EXERCISE GOAL >>
Copy the data exactly. Images are to be left out.

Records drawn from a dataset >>
----
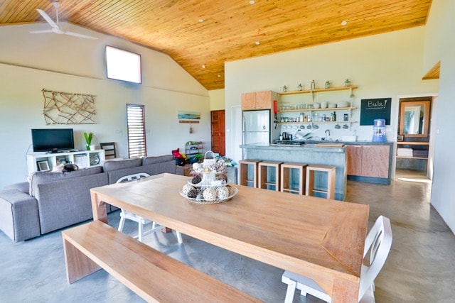Set in the residential/resort area of Korotogo, the house is private and comfortable and also within walking distance of several local restaurants. Surrounded by lush private gardens with ocean views and the sound of the waves crashing against the outer reef, the sailors retreat has a relaxed vibe and a clean modern feel. Suitable for a group of friends or a family. The kitchen is also fully equipped for self catering with a large outdoor dining/relaxing deck with ocean views.
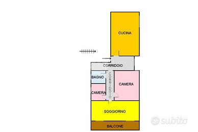Al suo interno è composta da ingresso, cucina abitabile, bagno, camera da letto, cameretta, e soggiorno doppio con balcone che espone sulla via principale.
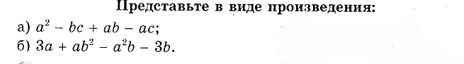 В)a^2-bc+ab-ac=a(a-c)+b(a-c)=(a+b)(a-c) Г)3a+ab^2-a^2b-3b=a(3-ab)-b(3-ab)=(a-b)(3-ab)Вас заинтересует
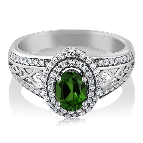 Gem Stone King Green Chrome Diopside 925 Sterling Silver Women's Ring 1.31 Ctw Oval (Size 8)
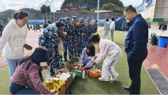 首先,张文辉代表管理公司党委对全体新生致以亲切的问候。通过与员工交流,张文辉简单了解了员工的军训情况,包括军训内容及员工的军训感受,对他们在军训中展现出的坚韧不拔的精神和昂扬的斗志给予了高度赞扬。接着,彭正员询问员工在军训中遇到的困难,并鼓励他们要坚定信念、克服困难,发扬“团结、紧张、严肃、活泼”的优良作风,营造一股积极向上的力量。最后,所有老师和班导一起向新生发放了水果、饮料等慰问品,鼓励新生珍惜军训时光,培养团队精神和纪律意识,并祝愿全体新生在军训中取得优异成绩。
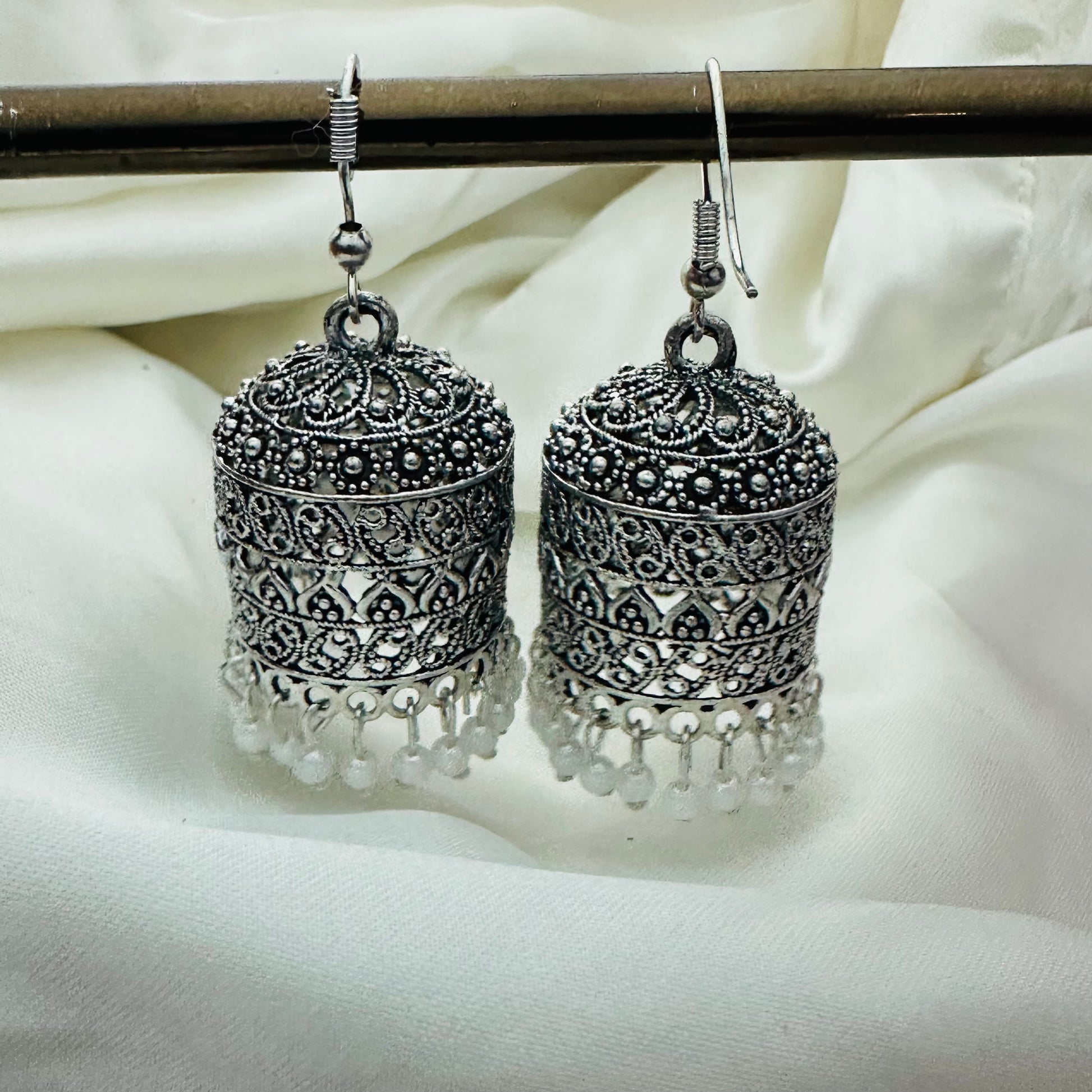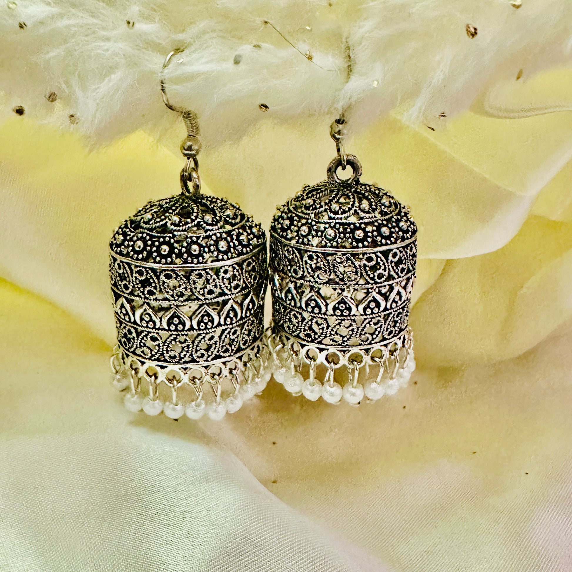 Introducing Silver Bells - exquisite jhumkas, crafted with intricate details in silver. Elevate any outfit with these timeless pieces, perfect for any occasion. Guaranteed to add a touch of elegance and sophistication to your style.
----
TASK RESULT >>
Set in the residential/resort area of Korotogo, the house is private and comfortable and also within walking distance of several local restaurants. Surrounded by lush private gardens with ocean views and the sound of the waves crashing against the outer reef, the sailors retreat has a relaxed vibe and a clean modern feel. Suitable for a group of friends or a family. The kitchen is also fully equipped for self catering with a large outdoor dining/relaxing deck with ocean views.
Al suo interno è composta da ingresso, cucina abitabile, bagno, camera da letto, cameretta, e soggiorno doppio con balcone che espone sulla via principale.
 В)a^2-bc+ab-ac=a(a-c)+b(a-c)=(a+b)(a-c) Г)3a+ab^2-a^2b-3b=a(3-ab)-b(3-ab)=(a-b)(3-ab)Вас заинтересует
 Gem Stone King Green Chrome Diopside 925 Sterling Silver Women's Ring 1.31 Ctw Oval (Size 8)
 首先,张文辉代表管理公司党委对全体新生致以亲切的问候。通过与员工交流,张文辉简单了解了员工的军训情况,包括军训内容及员工的军训感受,对他们在军训中展现出的坚韧不拔的精神和昂扬的斗志给予了高度赞扬。接着,彭正员询问员工在军训中遇到的困难,并鼓励他们要坚定信念、克服困难,发扬“团结、紧张、严肃、活泼”的优良作风,营造一股积极向上的力量。最后,所有老师和班导一起向新生发放了水果、饮料等慰问品,鼓励新生珍惜军训时光,培养团队精神和纪律意识,并祝愿全体新生在军训中取得优异成绩。
 Introducing Silver Bells - exquisite jhumkas, crafted with intricate details in silver. Elevate any outfit with these timeless pieces, perfect for any occasion. Guaranteed to add a touch of elegance and sophistication to your style.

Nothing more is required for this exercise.